The Whole World Was Watching PDF Author: Robert Edelman
Publisher: Stanford University Press
ISBN: 1503611019
Category : History
Languages : en
Pages : 404

Book Description
In the Cold War era, the confrontation between capitalism and communism played out not only in military, diplomatic, and political contexts, but also in the realm of culture—and perhaps nowhere more so than the cultural phenomenon of sports, where the symbolic capital of athletic endeavor held up a mirror to the global contest for the sympathies of citizens worldwide.

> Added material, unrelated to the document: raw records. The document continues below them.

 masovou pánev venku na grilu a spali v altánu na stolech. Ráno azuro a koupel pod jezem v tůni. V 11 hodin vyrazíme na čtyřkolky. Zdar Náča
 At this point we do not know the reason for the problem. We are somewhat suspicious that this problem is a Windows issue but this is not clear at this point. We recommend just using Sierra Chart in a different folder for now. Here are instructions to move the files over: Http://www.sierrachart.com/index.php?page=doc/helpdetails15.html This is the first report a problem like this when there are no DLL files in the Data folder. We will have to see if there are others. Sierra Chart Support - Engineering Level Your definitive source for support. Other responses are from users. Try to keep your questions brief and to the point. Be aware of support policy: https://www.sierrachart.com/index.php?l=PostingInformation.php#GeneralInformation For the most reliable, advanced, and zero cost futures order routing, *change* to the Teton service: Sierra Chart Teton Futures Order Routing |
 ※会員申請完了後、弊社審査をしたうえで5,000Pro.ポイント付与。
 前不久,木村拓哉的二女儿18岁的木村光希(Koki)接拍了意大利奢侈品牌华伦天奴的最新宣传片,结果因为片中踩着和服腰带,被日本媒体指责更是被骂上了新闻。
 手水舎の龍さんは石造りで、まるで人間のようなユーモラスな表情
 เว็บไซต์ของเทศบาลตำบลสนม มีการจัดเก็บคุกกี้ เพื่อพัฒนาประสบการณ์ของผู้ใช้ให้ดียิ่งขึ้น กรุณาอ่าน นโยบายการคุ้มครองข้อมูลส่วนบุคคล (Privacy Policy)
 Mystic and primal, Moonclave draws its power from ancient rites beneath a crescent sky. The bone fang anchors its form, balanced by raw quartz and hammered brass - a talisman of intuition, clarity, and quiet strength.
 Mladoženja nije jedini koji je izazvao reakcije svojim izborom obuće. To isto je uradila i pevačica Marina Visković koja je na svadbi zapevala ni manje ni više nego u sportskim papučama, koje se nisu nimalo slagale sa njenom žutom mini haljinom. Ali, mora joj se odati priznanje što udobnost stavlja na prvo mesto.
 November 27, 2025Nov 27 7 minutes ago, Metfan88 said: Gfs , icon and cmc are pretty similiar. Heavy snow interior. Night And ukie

The Whole World Was Watching examines Cold War rivalries through the lens of sporting activities and competitions across Europe, Asia, Africa, Latin America, and the U.S. The essays in this volume consider sport as a vital sphere for understanding the complex geopolitics and cultural politics of the time, not just in terms of commerce and celebrity, but also with respect to shifting notions of race, class, and gender. Including contributions from an international lineup of historians, this volume suggests that the analysis of sport provides a valuable lens for understanding both how individuals experienced the Cold War in their daily lives, and how sports culture in turn influenced politics and diplomatic relations.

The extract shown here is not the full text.